Vic had set up a list of all the “low-stress” and “high-stress” teachers, gone to the principal, and insisted us Madmen only take classes from low-stress teachers. And Mrs. Kliburn had been Low-Stress Teacher Number One, because she was into this thing called “full-success learning” where supposedly her objective was to always have a hundred percent of the class score a hundred percent on every assignment. Paul’s dad said he didn’t know what it did for the students, but it was great for football and basketball, and that was good for bond issues.
So I didn’t think I was giving up all that much by agreeing to do college prep. It was like giving Mom her going out money—more than I expected but not impossible.
Anyway, it didn’t really matter right away. Mom got into getting drunk and overeating, and by the time we got home, it was a little late for her to call Jolene, who still lived with her husband, or Judy, who had to open up her record shop in the morning, so Mom decided to delay going off to Mister Peepers to pick up sales guys and lawn maintenance workers for another night. By then she was all sloppy and sentimental and hugging me and calling me Tiger Sweetie, and messing up my hair, and I more or less dumped her onto her bed, facedown so as not to choke on her puke.

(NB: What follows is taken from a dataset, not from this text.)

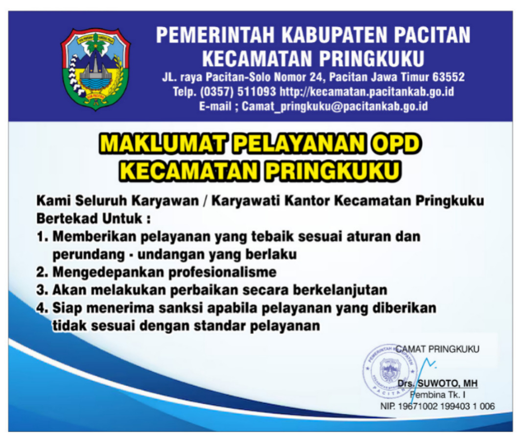 Keputusan Camat Pringkuku Tentang Penetapan Maklumat PelayananadminpringkukuJuli 30, 2025Berita Keputusan Camat Pringkuku Nomor : 188.4/06.1/KPTS/408.62/2025, Tentang Penetapan Maklumat Pelayanan Link ; https://drive.google.com/file/d/1g4HP_rL5bNiLz_N990HcG6sZY1KVLyRO/view?usp=drive_link Leave a ReplyCancel ReplyAlamat email Anda tidak akan dipublikasikan. Ruas yang wajib ditandai * Name * Email * Website Add Comment * Save my name, email and website in this browser for the next time I comment.Kirim Komentar Δ

By the time I got her tucked in, and my McDorksuit on, the clock said 9:48, and I had to practically run all the way, a good mile and a half, to be on time for my job cleaning out McDonald’s. I punched the clock at 9:57—three minutes to spare. That queered my mood bad. I liked being a guy who was always way early.
So I was whizzing around, burning off energy scrubbing counters and wiping down tables and all that, and since none of my friends had shown up to watch me clean, I pulled out the bottle of Rosie O’Grady that I kept in my school bag.